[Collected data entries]
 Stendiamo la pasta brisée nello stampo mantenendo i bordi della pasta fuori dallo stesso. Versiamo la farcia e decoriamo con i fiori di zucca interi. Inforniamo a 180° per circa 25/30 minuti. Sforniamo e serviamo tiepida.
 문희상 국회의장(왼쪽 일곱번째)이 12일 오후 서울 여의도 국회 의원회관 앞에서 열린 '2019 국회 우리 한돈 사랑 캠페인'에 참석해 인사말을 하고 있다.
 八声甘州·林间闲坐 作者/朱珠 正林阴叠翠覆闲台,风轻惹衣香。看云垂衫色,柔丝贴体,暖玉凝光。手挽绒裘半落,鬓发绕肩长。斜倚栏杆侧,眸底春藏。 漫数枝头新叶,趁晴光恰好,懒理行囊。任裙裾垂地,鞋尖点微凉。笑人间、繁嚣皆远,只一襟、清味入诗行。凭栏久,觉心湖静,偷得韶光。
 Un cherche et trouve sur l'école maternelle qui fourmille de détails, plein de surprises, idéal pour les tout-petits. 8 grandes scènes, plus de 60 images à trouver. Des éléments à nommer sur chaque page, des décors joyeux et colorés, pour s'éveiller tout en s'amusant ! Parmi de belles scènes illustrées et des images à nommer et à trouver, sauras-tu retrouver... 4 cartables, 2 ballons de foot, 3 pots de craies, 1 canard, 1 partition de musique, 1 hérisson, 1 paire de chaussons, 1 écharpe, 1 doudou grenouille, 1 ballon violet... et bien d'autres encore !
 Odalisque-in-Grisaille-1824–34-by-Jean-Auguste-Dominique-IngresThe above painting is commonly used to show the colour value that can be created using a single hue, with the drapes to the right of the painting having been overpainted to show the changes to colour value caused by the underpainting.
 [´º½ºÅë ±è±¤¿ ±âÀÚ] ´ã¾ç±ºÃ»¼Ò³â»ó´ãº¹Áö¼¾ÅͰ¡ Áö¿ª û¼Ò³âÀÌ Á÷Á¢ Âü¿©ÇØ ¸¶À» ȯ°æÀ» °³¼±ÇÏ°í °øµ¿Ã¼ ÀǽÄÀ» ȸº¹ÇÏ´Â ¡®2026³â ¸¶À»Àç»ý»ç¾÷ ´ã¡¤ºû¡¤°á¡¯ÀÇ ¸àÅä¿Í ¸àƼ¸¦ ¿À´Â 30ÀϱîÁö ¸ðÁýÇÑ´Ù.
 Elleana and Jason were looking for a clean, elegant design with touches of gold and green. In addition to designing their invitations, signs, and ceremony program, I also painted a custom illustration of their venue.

## Work order
Your output should be the lines from the one with "by the underpainting." through the last line of the entries above, copied exactly and nothing more.

## Answer box
 Odalisque-in-Grisaille-1824–34-by-Jean-Auguste-Dominique-IngresThe above painting is commonly used to show the colour value that can be created using a single hue, with the drapes to the right of the painting having been overpainted to show the changes to colour value caused by the underpainting.
 [´º½ºÅë ±è±¤¿ ±âÀÚ] ´ã¾ç±ºÃ»¼Ò³â»ó´ãº¹Áö¼¾ÅͰ¡ Áö¿ª û¼Ò³âÀÌ Á÷Á¢ Âü¿©ÇØ ¸¶À» ȯ°æÀ» °³¼±ÇÏ°í °øµ¿Ã¼ ÀǽÄÀ» ȸº¹ÇÏ´Â ¡®2026³â ¸¶À»Àç»ý»ç¾÷ ´ã¡¤ºû¡¤°á¡¯ÀÇ ¸àÅä¿Í ¸àƼ¸¦ ¿À´Â 30ÀϱîÁö ¸ðÁýÇÑ´Ù.
 Elleana and Jason were looking for a clean, elegant design with touches of gold and green. In addition to designing their invitations, signs, and ceremony program, I also painted a custom illustration of their venue.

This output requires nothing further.